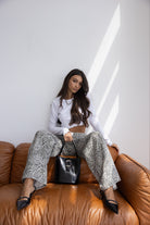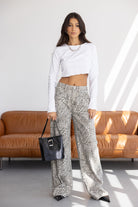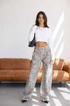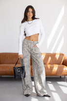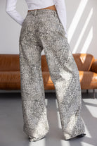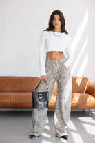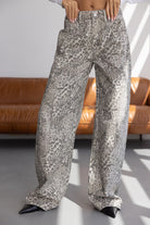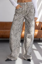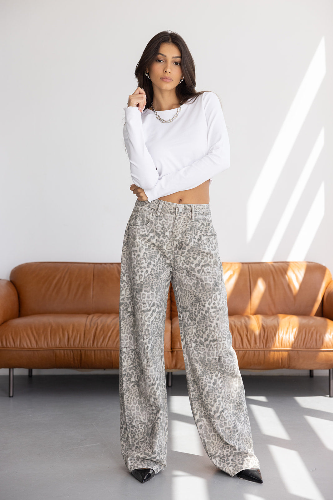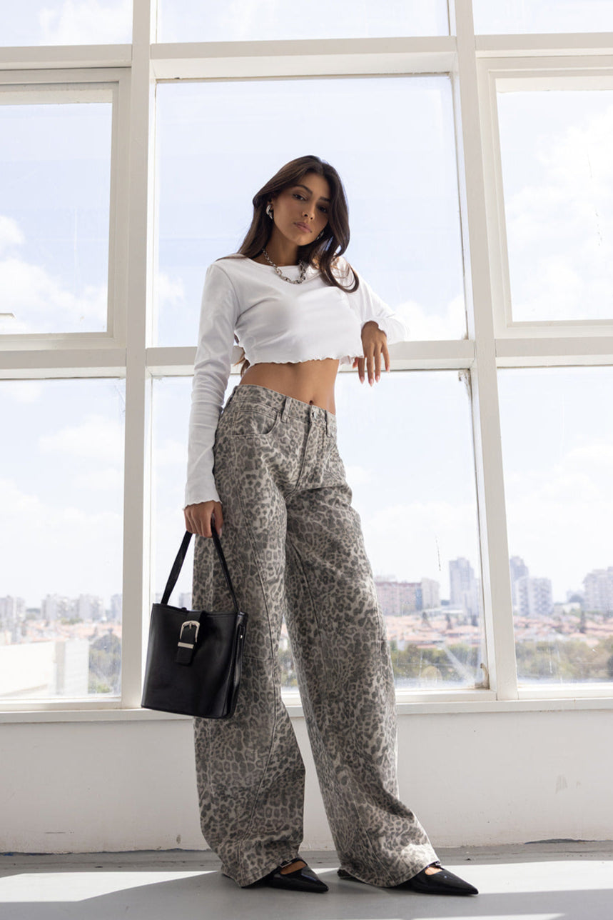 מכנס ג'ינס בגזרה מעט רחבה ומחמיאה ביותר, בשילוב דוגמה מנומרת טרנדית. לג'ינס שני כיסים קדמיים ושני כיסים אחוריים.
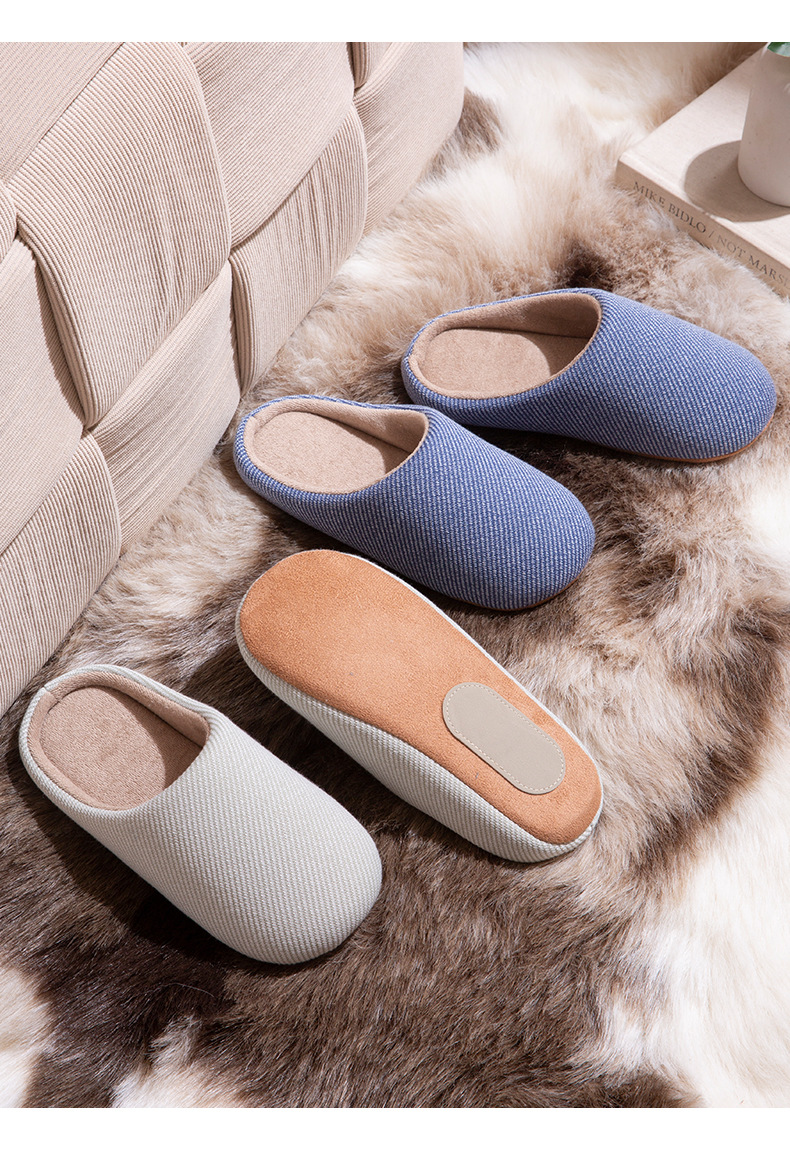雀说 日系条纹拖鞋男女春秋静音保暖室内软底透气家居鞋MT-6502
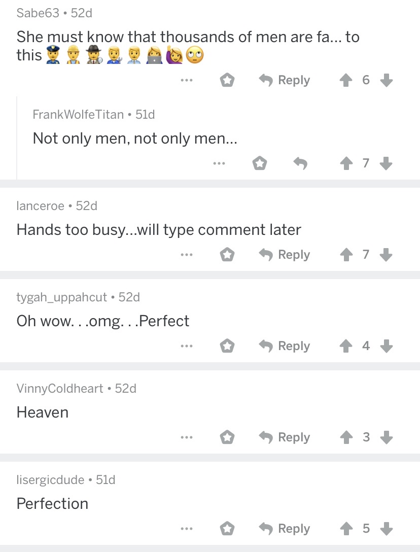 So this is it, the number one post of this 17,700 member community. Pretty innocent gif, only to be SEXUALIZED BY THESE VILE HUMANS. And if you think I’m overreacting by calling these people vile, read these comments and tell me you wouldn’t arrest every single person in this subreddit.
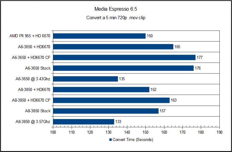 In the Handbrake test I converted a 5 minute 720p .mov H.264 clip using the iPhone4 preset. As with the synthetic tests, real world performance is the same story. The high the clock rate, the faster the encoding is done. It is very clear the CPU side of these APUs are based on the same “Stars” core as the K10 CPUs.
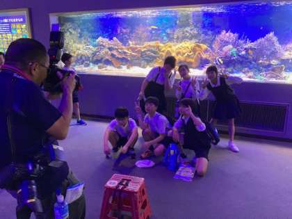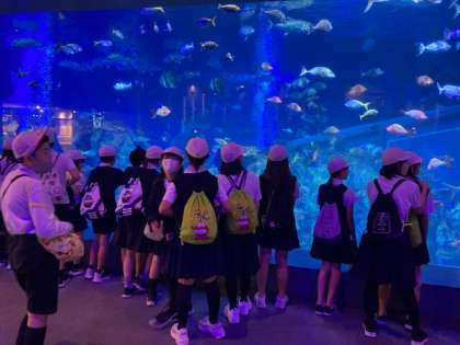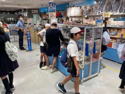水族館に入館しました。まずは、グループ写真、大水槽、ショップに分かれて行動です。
==
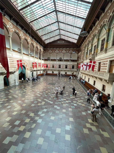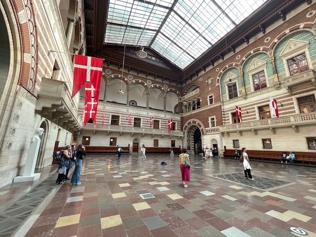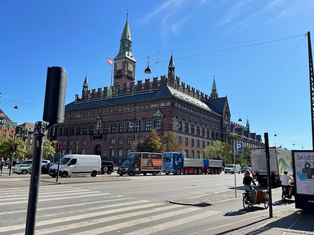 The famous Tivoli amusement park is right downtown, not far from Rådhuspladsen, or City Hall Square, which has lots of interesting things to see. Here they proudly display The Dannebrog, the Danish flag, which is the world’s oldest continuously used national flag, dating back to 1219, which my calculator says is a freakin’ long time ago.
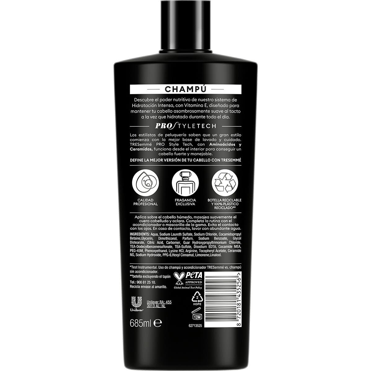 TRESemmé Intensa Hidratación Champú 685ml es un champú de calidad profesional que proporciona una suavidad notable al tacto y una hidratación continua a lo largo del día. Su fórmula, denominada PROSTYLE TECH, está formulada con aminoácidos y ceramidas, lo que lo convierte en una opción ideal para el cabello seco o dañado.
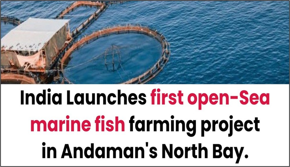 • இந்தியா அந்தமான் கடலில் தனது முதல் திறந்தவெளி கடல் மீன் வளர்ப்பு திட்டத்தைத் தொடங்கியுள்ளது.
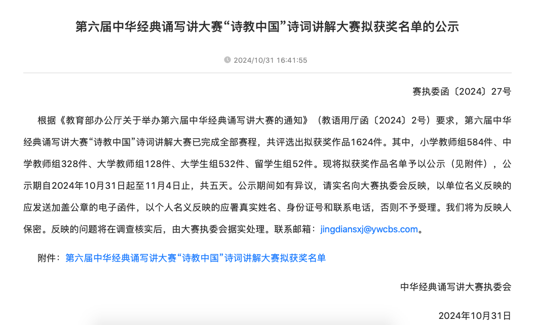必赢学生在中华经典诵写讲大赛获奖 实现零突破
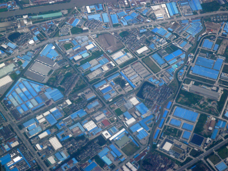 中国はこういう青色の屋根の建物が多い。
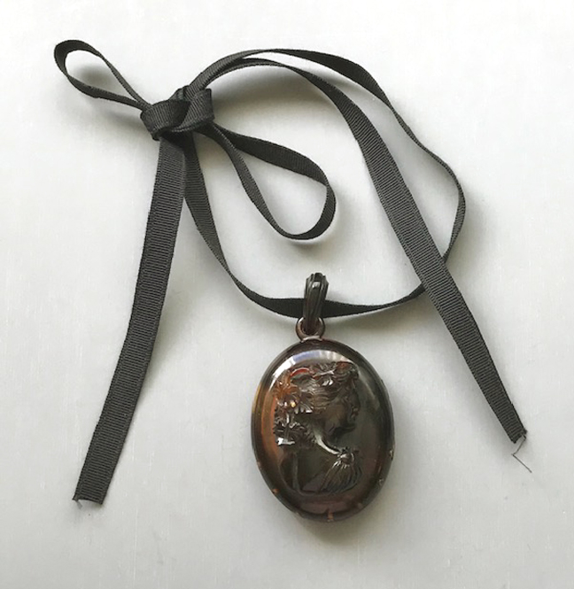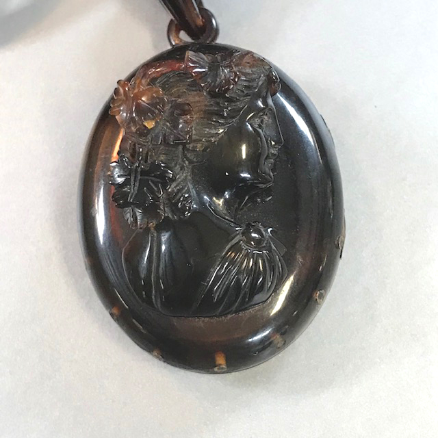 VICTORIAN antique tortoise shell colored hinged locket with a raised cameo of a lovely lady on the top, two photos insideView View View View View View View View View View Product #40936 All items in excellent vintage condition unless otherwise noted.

* What is being asked
If a picture sits between the line containing "中国はこういう青色の屋根の建物が多い。" and the line containing "VICTORIAN antique tortoise", leave it out, and return the lines of that range above exactly, both ends included.

* Solution for this task
 中国はこういう青色の屋根の建物が多い。
 VICTORIAN antique tortoise shell colored hinged locket with a raised cameo of a lovely lady on the top, two photos insideView View View View View View View View View View Product #40936 All items in excellent vintage condition unless otherwise noted.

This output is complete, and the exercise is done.